L’un des objectifs principaux du CNES est d’accompagner les nouveaux acteurs qui arrivent dans le secteur du spatial avec des idées disruptives, que ce soit dans le domaine des nouveaux lanceurs, des constellations, de l’exploitation des données satellitaires, des nouveaux services en orbite tels des opérations de ravitaillement et de déplacement de satellites, surveillance de l’espace pour localiser les débris… : « Les start-up ont cruellement besoin de contrats pour démontrer leurs capacités. C’est ça qui va les crédibiliser et les faire monter en compétence. Je suis convaincu qu’un de nos rôles d’agence, c’est de développer cette démarche contractuelle avec des jeunes entreprises » dira-t-il.

« Le niveau d'activité du CNES n'a jamais été aussi élevé », insiste-t-il, « avec des programmes ambitieux, comme Perseverance, le sismographe SEIS sur Mars, CSO (Composante Spatiale Optique) et Ceres pour la défense, la nouvelle fusée Ariane 6 et son pas de tir, les travaux sur l'accueil des mini-lanceurs et la rénovation du Centre spatial guyanais.
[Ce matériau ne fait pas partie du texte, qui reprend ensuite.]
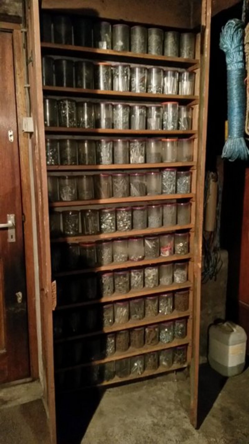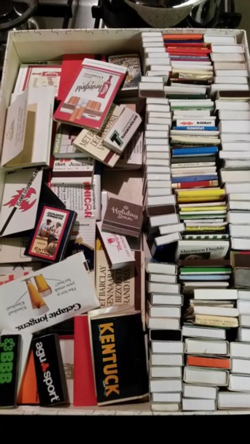 In de keuken had hij ook al het één en ander voor ons klaar gelegd, waar hij ons een aantal van zijn mooiste bijzondere pennen en luciferdoosjes laat zien die hij door de jaren heen heeft gespaard.

Mais aussi les programmes SWOT (Surface Water Ocean Topography) sur l'altimétrie des surfaces d'eau, SVOM (Space-based multi-band astronomical Variable Objects Monitor) pour l'étude des plus lointaines explosions d'étoiles, les sursauts gamma, MicroCarb pour la concentration des gaz à effet de serre, Trishna pour les eaux continentales, IASI-NG, un sondeur atmosphérique de nouvelle génération, sans compter la préparation des nouvelles générations de satellites de défense, ou la surveillance de l'espace ».

Quant à l’exploration spatiale, elle consistera à une participation au sein de programmes internationaux, l’orbite basse récoltant le gros des efforts à venir du CNES, contrairement aux Etats-Unis et à la Russie ainsi que la Chine, qui investissent de plus en plus dans l’exploration spatiale lointaine et qui possèdent des budgets beaucoup plus conséquents.
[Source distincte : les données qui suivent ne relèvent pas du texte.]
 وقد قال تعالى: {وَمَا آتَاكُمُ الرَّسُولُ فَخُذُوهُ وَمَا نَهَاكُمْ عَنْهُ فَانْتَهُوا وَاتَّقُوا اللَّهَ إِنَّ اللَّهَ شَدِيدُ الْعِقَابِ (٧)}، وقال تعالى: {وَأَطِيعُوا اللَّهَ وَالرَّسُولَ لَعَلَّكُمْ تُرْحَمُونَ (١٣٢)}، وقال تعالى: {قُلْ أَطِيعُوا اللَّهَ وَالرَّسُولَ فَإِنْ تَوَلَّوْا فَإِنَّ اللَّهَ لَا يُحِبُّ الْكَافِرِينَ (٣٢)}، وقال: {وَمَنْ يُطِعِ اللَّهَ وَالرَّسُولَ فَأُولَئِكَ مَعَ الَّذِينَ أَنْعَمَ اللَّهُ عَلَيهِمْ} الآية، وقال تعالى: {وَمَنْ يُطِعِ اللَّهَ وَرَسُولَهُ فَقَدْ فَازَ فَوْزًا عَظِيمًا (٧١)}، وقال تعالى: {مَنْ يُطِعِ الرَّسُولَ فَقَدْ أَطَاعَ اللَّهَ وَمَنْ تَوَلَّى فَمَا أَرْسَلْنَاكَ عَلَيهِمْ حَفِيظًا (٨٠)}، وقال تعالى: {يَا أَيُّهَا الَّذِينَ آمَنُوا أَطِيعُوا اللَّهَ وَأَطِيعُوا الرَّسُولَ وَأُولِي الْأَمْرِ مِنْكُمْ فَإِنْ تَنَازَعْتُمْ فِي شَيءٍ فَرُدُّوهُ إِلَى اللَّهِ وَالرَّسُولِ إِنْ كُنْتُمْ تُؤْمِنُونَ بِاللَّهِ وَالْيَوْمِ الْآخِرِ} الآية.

Cependant, Philippe Baptiste a mis en avant les multiples enjeux stratégiques auxquels l’établissement devra faire face dans les prochaines années, que ce soit l’importance des données, le changement de la chaîne de valeur, les nouveaux modèles d’innovation, la militarisation de l’espace et le rayonnement scientifique du spatial français et européen, notamment au travers de l’exploration spatiale et de l’observation de la Terre.